Bristo was paralyzed from the chest down in a diving accident in 1977, when she was 23 years old. In 1983, she co-founded the American National Council on Independent Living (NCIL) with Max Starkloff and Charlie Carr. She helped to write the Americans with Disabilities Act of 1990, was granted the Secretary's Distinguished Service Award, the Americans with Disabilities Act Award and the 2014 Henry Viscardi Achievement Awards.
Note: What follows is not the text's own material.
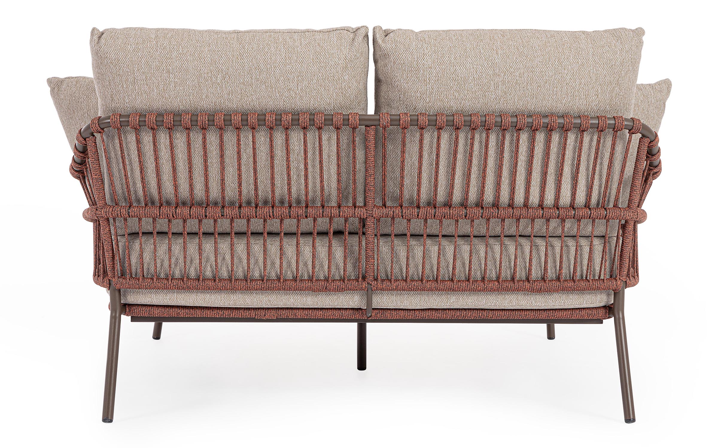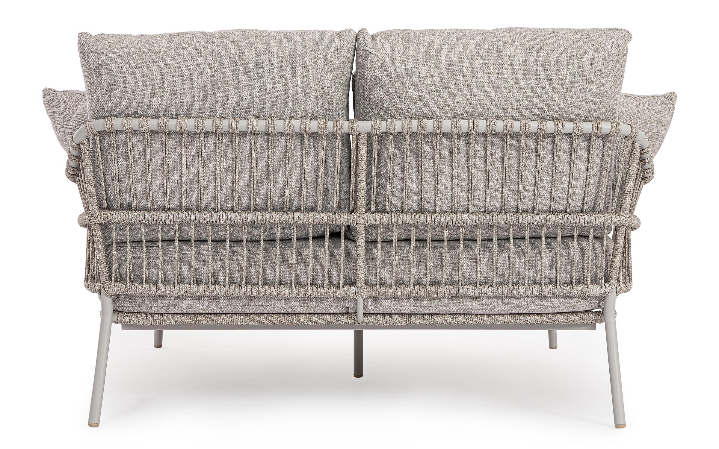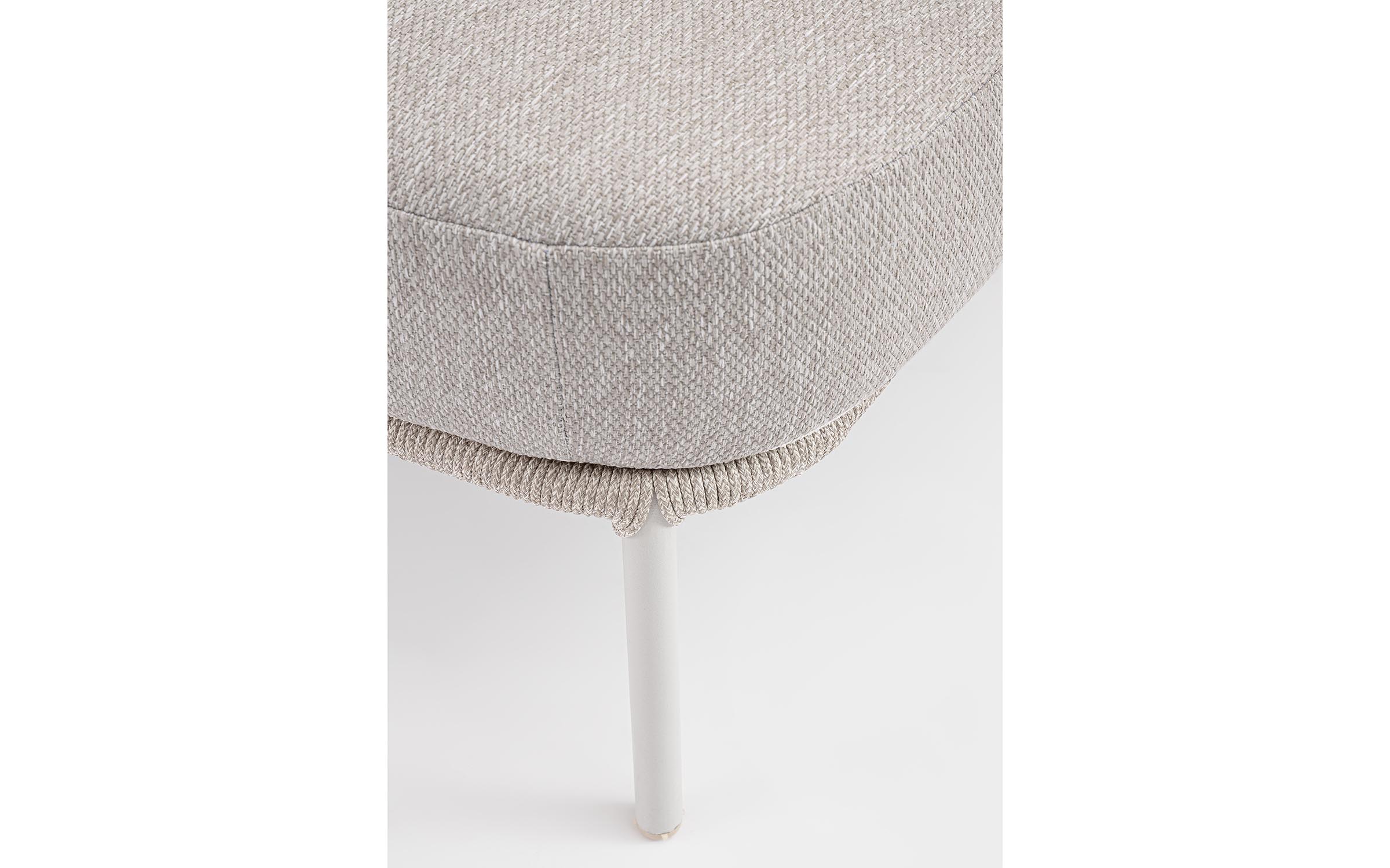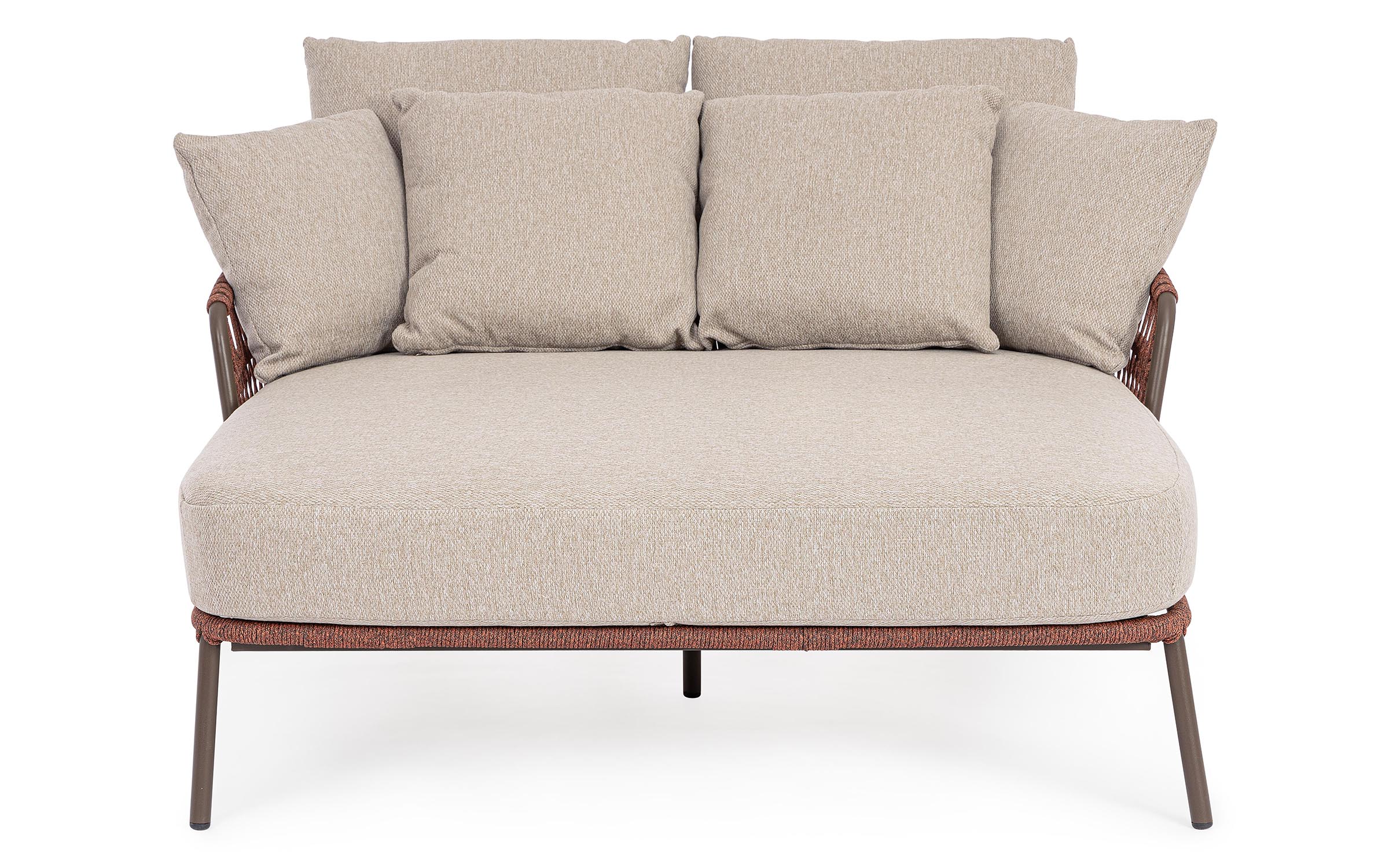 Nowoczesna leżanka dla 2 osób ogrodowa Talaia na nowoczesny taras. Konstrukcja ze stali nierdzewnej w malowaniu proszkowym opleciona lekkim oplotem z liny polipropylenowej.

She was also the chair of the American National Council on Disability from 1994 to 2002, and as such was its first disabled chair. In 2014 she became president of the United States International Council on Disabilities. She was also the founding president and chief executive officer of Access Living of Metropolitan Chicago.

Bristo died from cancer at the age of 66 in Chicago.

==Marca Bristo Fellowship==
Human Rights Watch created the Marca Bristo Fellowship in her memory in 2020. The first recipient was Hauwa Ojeifo, a Nigerian human rights advocate.